Pero, ante tal panorama, surgió una luz para iluminar el camino: “Estábamos pasando por un muy mal momento, y acá, en la ARB, me dijeron que se encontraba ese cupo libre, por el lugar que había sido de mi mamá, y que me pertenecía”, rememora.

Y, si bien eso significó una tabla de salvación, tampoco es que se encontró con un lecho de rosas. “Nunca había venido al vertedero. Más o menos sabía de qué se trataba, porque mi mamá me contaba, pero, cuando la escuchaba, no imaginaba algo tan duro. Me costó adaptarme; era un mundo muy diferente”, señala.

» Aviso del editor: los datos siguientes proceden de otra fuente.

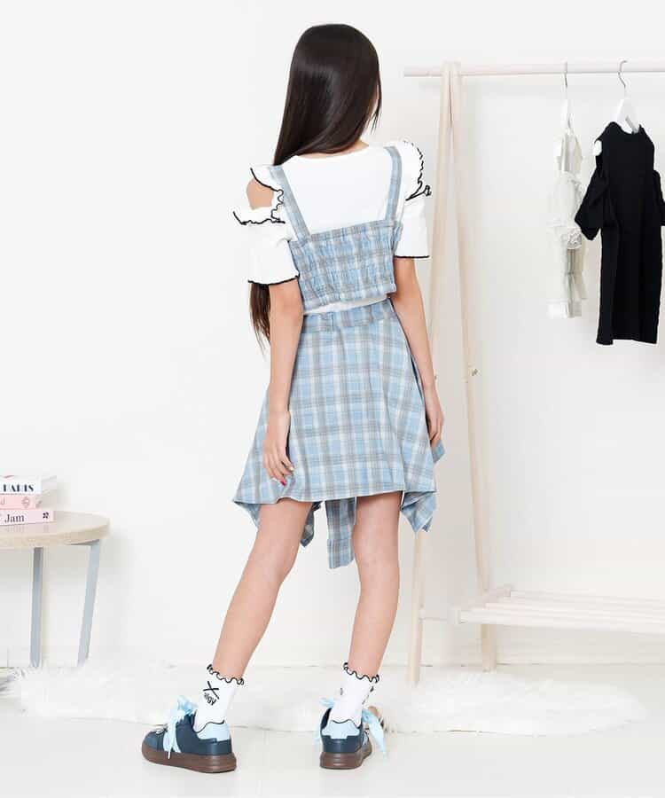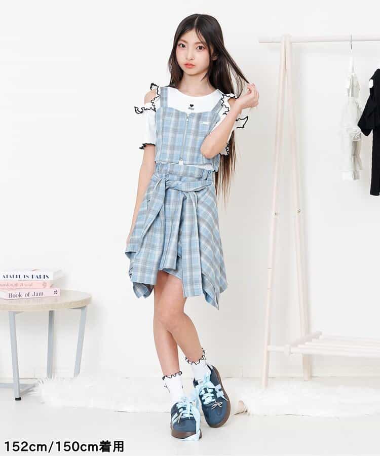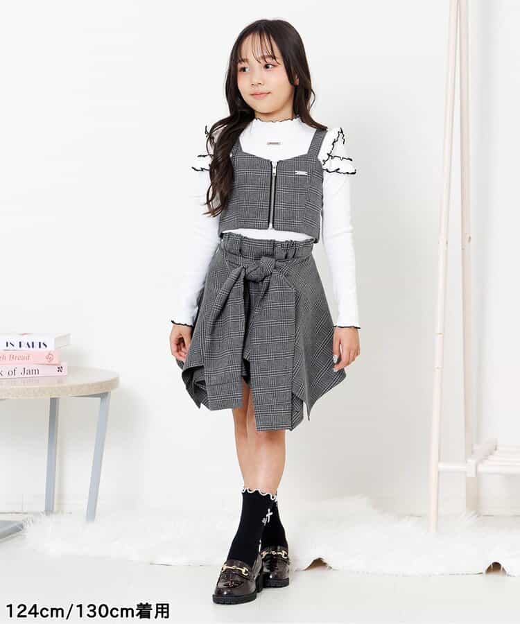 【2/16(月)21:00~販売】algy(アルジー)のパンツ「チェックビスチェ&シャツ巻き風キュロットセット」。トレンドデザインがプラスされた、これ1枚でおしゃみえできるアイテム◎【 algy ーアルジー ー 】『おしゃれを楽しみたいティーンズのリアルクローズ』着たい 欲しい トレンド・・・全部そろう小中学生向けブランドです。

Así, recuerda los no tan viejos tiempos, donde había que acudir al “manto” –el cúmulo de desperdicios– para revolver la basura y rescatar lo que servía. “Estar entre todo eso en el invierno era muy duro. A veces no daban ganas de venir, pero había que hacerlo”, se sincera.

En ese sentido, resalta las transformaciones producidas desde que tomó el lugar dejado por su madre. “Hubo muchos cambios. Llegó el nuevo camión, por ejemplo, y, además, en vez de meternos en la basura, estamos en la planta, porque ahora se le compra el material a la gente que se acerca a venderlo; ya no estamos afuera”, indica, en relación a que, desde el año pasado, la agrupación tomó la determinación de no acudir más al “manto”, y pasar a adquirir lo que le traen.

En la actualidad, Trini es parte de la comisión directiva. Tiene el puesto de tesorera. Cuenta que está en pleno aprendizaje: “Hago cuentas, y tengo que llevar el sueldo de cincuenta y ocho personas”, manifiesta.

Luego de contar su experiencia, la joven vuelve a su labor, pesando unas bolsas de gran tamaño repletas de cartón, que una familia trae para vender, y encargándose de abonarles.